After the adding means 42 is completed, the outer peripheral area calculating means 43 calculates the shaking outer peripheral area (step S10).

[0033]

The first effect is that the accuracy of the calculated wobbling outer peripheral area is improved.

The reason is that the shaking outer peripheral area calculated by the present invention is not the number of pixels on the shaking area but the area of a polygon formed by connecting the center points of pixels corresponding to the outer circumference of the shaking area on the VRAM. This is because it has a precision equivalent to the resolution of VRAM.

The second effect is that an extra VRAM plane is not required in the process of calculating the shaking outer peripheral area.

The reason for this is that in the present invention, in the process of calculating the wobbling outer peripheral area, processing such as painting out which requires a plurality of VRAM planes is not performed.

The third effect is that the processing speed is improved.

The reason is that the function of the graphic display controller (filling and bit search function) is used.
This is because there is no useless processing because the is not used.

[Brief description of drawings]

FIG. 1 is a block diagram showing an embodiment of a center-of-gravity sway analysis apparatus by a method of calculating a sway outer peripheral area of the present invention.

FIG. 2 is a flow chart for explaining the operation of the center-of-gravity motion analysis device of FIG.

FIG. 3 is a diagram for explaining a tracking direction vector of FIG.
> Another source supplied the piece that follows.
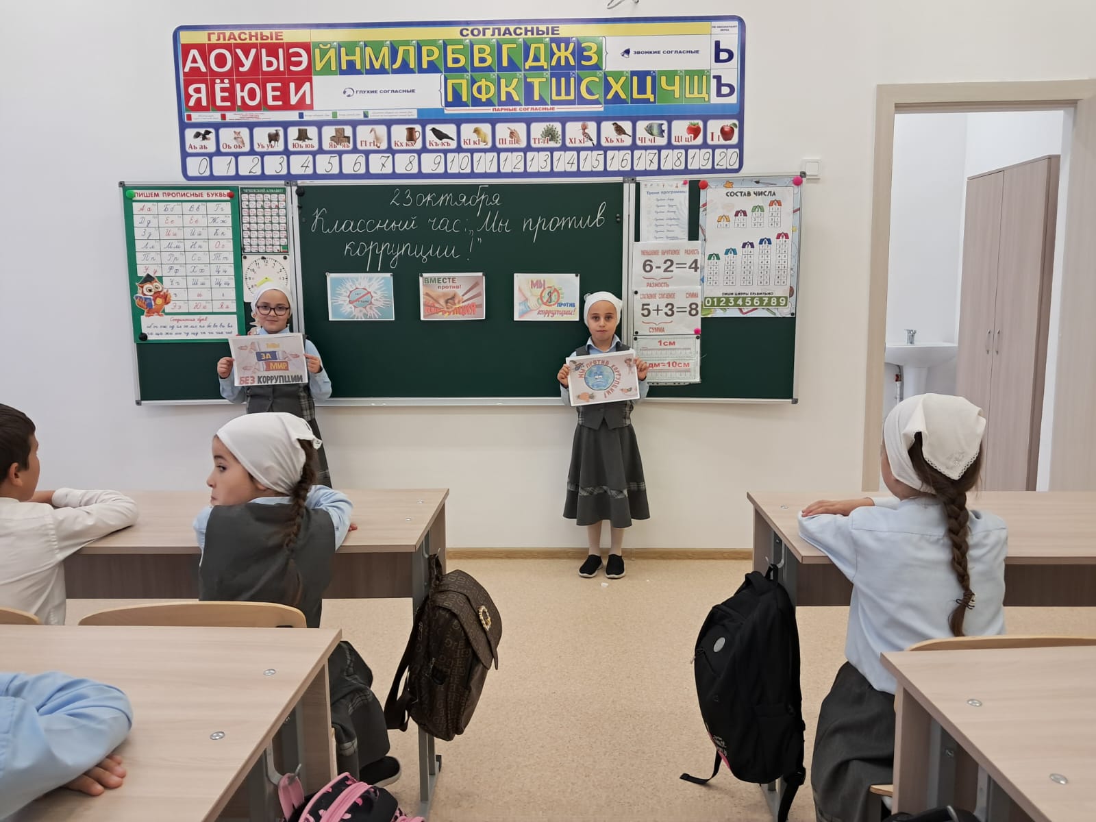 В МБОУ " Новотерская НОШ имени М.Амаева " прошли классные часы на тему:" Нет коррупции! "

FIG. 4 is a diagram showing the operation of an embodiment of the center-of-gravity sway analysis apparatus of the present invention.
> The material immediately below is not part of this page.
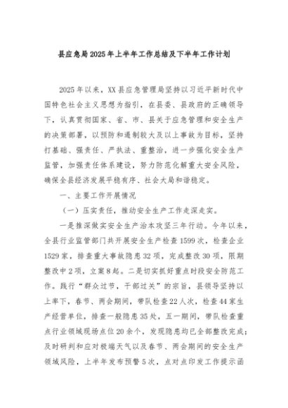 / 【七哥公文】2025年:县应急局2025年上半年工作总结及下半年工作计划+更多免费公文+VX:QiGeGongWen2024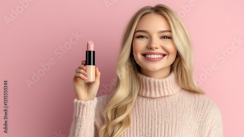 lipstick, woman, blond, pink, background, beauty, make-up, cosmetic, model, smile, happy, pretty, gorgeous, attractive, face, hair, long, fashion, style, product, holder, hand, showing, display, girl, portrait, studio, shot, image, photo, advertising, promotion, marketing, sale, offer, care, skin, lip, gloss, colours, shade, texture, application, elegant, glamour

FIG. 5 is a block diagram showing an example of a center-of-gravity sway analysis apparatus by a conventional method of calculating a sway outer peripheral area.

[Explanation of symbols]

 1 barycenter swayometer 2 barycentric position detection device 3 VRAM 4 data processing device 41 initialization means 42 addition means 43 outer peripheral area calculation means 5 output device 6 data processing device 61 first filling means 62 second filling means 63 bit search means 64 Peripheral area calculating means 7 Graphic display controller

Claims (2)

[Claims] 1. Initializing means for obtaining an initial value of a starting point for tracking the outer periphery of a motion region and a tracking direction,
A data processing device comprising an adding means for integrating the areas while tracking the outer circumference of the shaking area by the initialization means, and an outer peripheral area calculating means for calculating the shaking outer peripheral area from the area integrated by the adding means. A center of gravity motion analyzer characterized by. 2. The tracking start point coordinates of the outer periphery of the sway area are calculated,
The initial value of the tracking direction vector, which is the vector indicating the tracking direction, is set, and the point moved by the tracking direction vector from the tracking start point is set as the tracking next candidate point that is the next candidate for the outer circumference tracking of the sway area. If the point is on the outer circumference of the sway region, this is set as the next tracking point, the tracking next candidate point is determined and the area is integrated, the tracking next candidate point is determined, and this is not the next tracking point. In other words, if it is not on the outer periphery of the sway region, the tracking direction vector is updated by one step in the update direction, the determination of the tracking next candidate point is repeated, and if the tracking next candidate point is the next tracking point, the tracking start point and the next tracking point are determined. The area is integrated from the coordinate values of the points, then the next tracking point is set as the tracking start point, the tracking direction vector is set again, and the above processing is repeated over the entire outer circumference of the shaking region. Calculation of upset outer peripheral area of body sway analysis apparatus characterized by calculating the upset periphery area over the area corresponding to one pixel, and outputs the result to the output device of the VRAM (video random access memory) to.